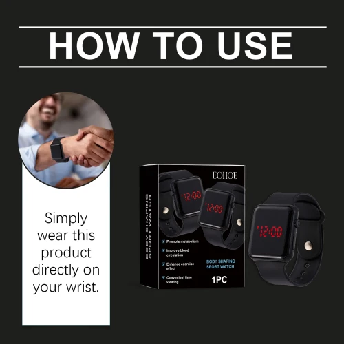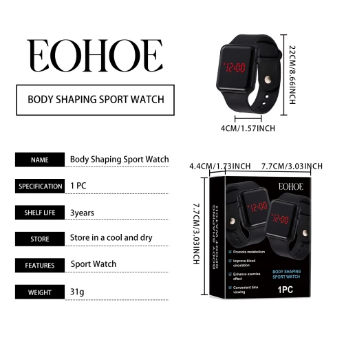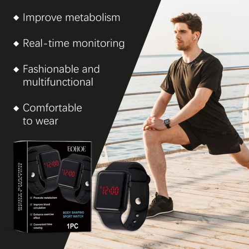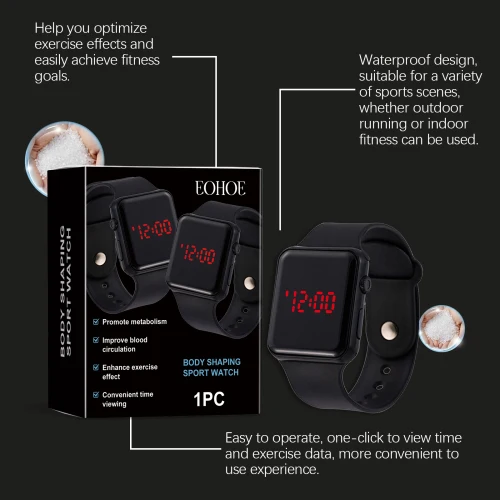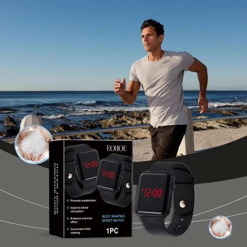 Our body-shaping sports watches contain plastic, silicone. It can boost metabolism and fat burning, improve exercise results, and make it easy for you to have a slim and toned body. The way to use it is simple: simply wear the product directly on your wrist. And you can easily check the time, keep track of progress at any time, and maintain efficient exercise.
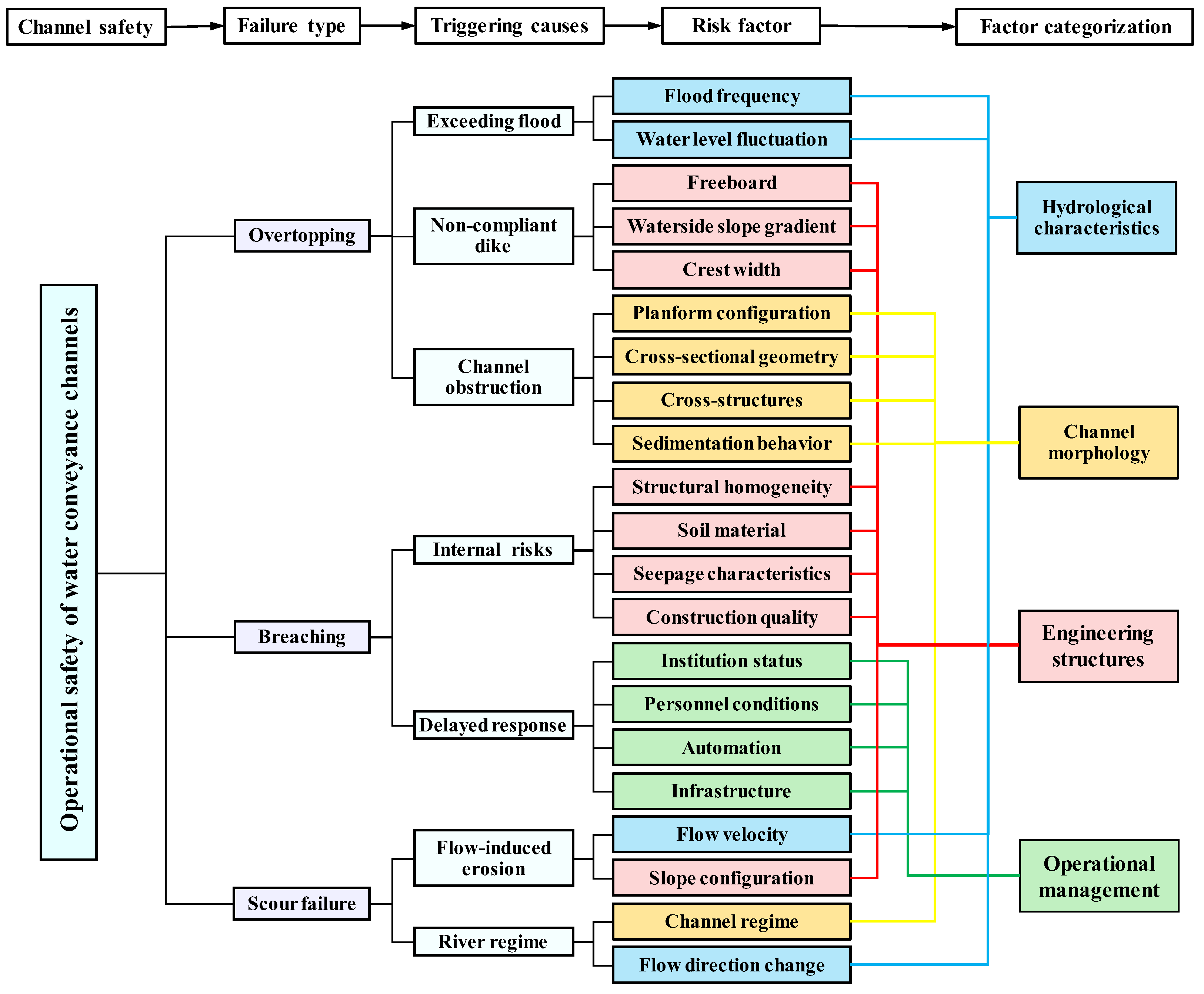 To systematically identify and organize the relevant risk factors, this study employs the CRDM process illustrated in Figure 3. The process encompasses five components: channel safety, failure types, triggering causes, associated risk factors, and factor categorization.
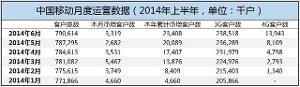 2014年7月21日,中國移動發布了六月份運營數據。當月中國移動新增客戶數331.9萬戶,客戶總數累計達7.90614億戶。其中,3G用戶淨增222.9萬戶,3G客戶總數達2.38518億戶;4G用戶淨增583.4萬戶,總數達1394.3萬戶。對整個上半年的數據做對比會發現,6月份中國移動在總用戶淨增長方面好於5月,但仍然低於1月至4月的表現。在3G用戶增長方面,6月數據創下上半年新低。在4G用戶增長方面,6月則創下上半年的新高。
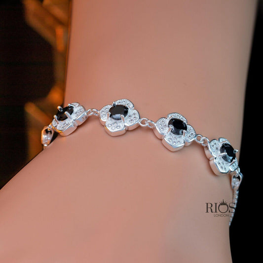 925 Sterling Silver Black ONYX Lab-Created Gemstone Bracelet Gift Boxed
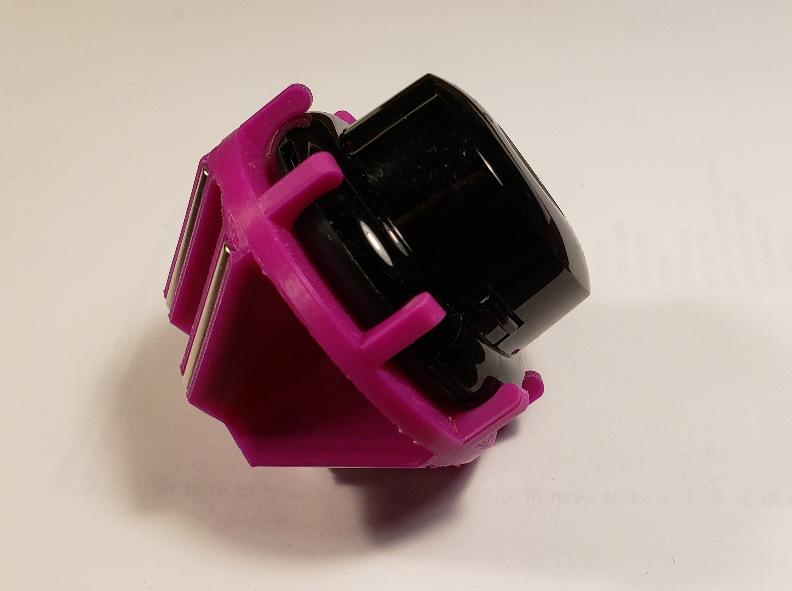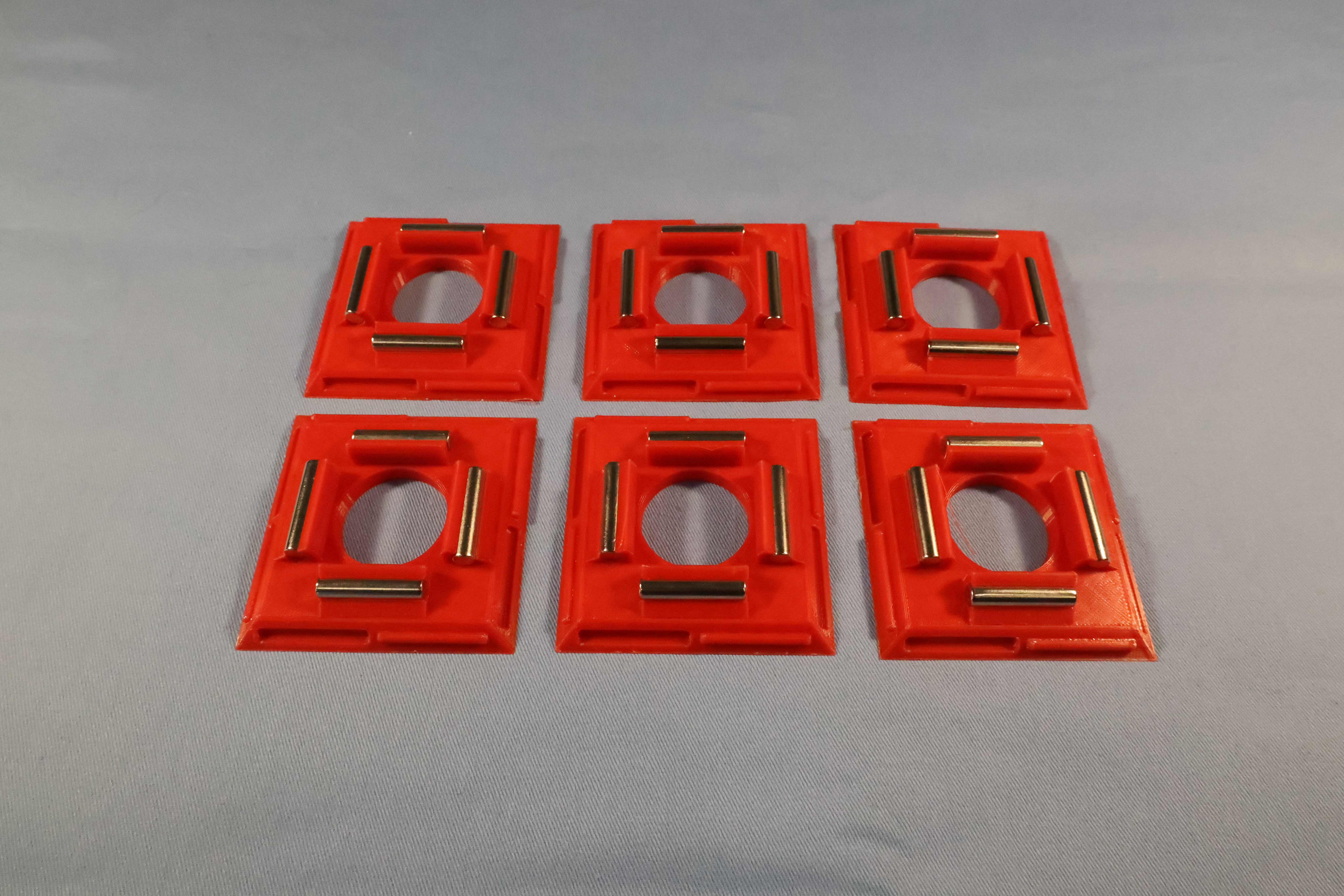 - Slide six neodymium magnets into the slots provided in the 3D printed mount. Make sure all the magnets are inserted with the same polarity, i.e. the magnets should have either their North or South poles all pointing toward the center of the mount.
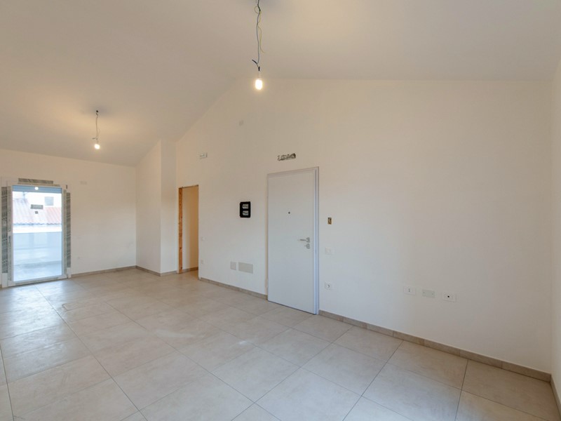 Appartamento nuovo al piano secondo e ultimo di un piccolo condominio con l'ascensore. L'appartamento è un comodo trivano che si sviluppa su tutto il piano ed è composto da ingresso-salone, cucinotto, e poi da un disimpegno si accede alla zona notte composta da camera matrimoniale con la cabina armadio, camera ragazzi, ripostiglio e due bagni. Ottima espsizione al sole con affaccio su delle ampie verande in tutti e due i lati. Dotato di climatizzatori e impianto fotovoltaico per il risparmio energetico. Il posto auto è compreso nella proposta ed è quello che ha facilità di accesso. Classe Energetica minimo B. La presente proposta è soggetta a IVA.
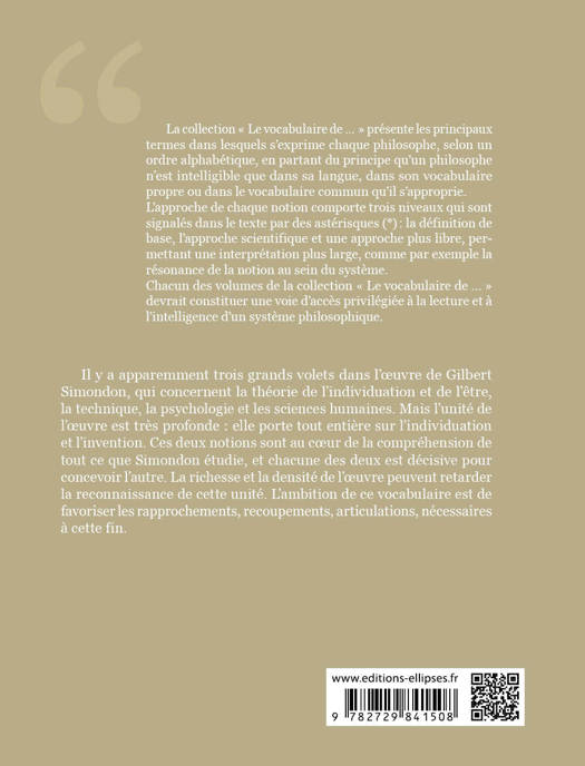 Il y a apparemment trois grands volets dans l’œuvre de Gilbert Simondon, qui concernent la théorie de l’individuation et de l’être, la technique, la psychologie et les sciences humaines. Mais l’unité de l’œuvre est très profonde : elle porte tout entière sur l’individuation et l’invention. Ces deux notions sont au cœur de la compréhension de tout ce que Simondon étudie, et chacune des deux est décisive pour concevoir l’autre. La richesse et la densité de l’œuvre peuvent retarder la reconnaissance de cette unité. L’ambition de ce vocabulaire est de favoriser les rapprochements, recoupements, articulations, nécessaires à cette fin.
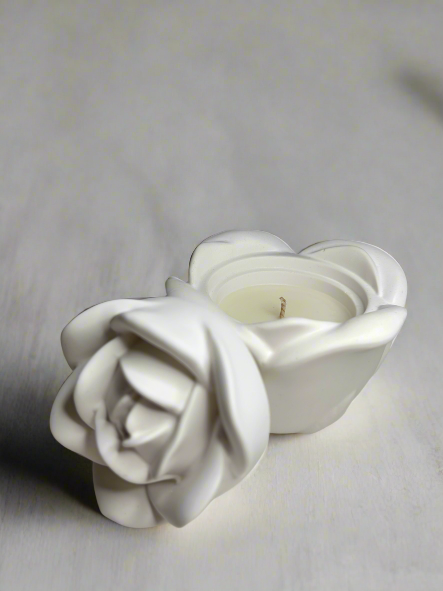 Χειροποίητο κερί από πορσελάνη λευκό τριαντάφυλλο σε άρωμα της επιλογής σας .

....................

*Task objective:* Restate the entire listing word for word, excluding pictures.

*Solution to this exercise:*
 Our body-shaping sports watches contain plastic, silicone. It can boost metabolism and fat burning, improve exercise results, and make it easy for you to have a slim and toned body. The way to use it is simple: simply wear the product directly on your wrist. And you can easily check the time, keep track of progress at any time, and maintain efficient exercise.
 To systematically identify and organize the relevant risk factors, this study employs the CRDM process illustrated in Figure 3. The process encompasses five components: channel safety, failure types, triggering causes, associated risk factors, and factor categorization.
 2014年7月21日,中國移動發布了六月份運營數據。當月中國移動新增客戶數331.9萬戶,客戶總數累計達7.90614億戶。其中,3G用戶淨增222.9萬戶,3G客戶總數達2.38518億戶;4G用戶淨增583.4萬戶,總數達1394.3萬戶。對整個上半年的數據做對比會發現,6月份中國移動在總用戶淨增長方面好於5月,但仍然低於1月至4月的表現。在3G用戶增長方面,6月數據創下上半年新低。在4G用戶增長方面,6月則創下上半年的新高。
 925 Sterling Silver Black ONYX Lab-Created Gemstone Bracelet Gift Boxed
 - Slide six neodymium magnets into the slots provided in the 3D printed mount. Make sure all the magnets are inserted with the same polarity, i.e. the magnets should have either their North or South poles all pointing toward the center of the mount.
 Appartamento nuovo al piano secondo e ultimo di un piccolo condominio con l'ascensore. L'appartamento è un comodo trivano che si sviluppa su tutto il piano ed è composto da ingresso-salone, cucinotto, e poi da un disimpegno si accede alla zona notte composta da camera matrimoniale con la cabina armadio, camera ragazzi, ripostiglio e due bagni. Ottima espsizione al sole con affaccio su delle ampie verande in tutti e due i lati. Dotato di climatizzatori e impianto fotovoltaico per il risparmio energetico. Il posto auto è compreso nella proposta ed è quello che ha facilità di accesso. Classe Energetica minimo B. La presente proposta è soggetta a IVA.
 Il y a apparemment trois grands volets dans l’œuvre de Gilbert Simondon, qui concernent la théorie de l’individuation et de l’être, la technique, la psychologie et les sciences humaines. Mais l’unité de l’œuvre est très profonde : elle porte tout entière sur l’individuation et l’invention. Ces deux notions sont au cœur de la compréhension de tout ce que Simondon étudie, et chacune des deux est décisive pour concevoir l’autre. La richesse et la densité de l’œuvre peuvent retarder la reconnaissance de cette unité. L’ambition de ce vocabulaire est de favoriser les rapprochements, recoupements, articulations, nécessaires à cette fin.
 Χειροποίητο κερί από πορσελάνη λευκό τριαντάφυλλο σε άρωμα της επιλογής σας .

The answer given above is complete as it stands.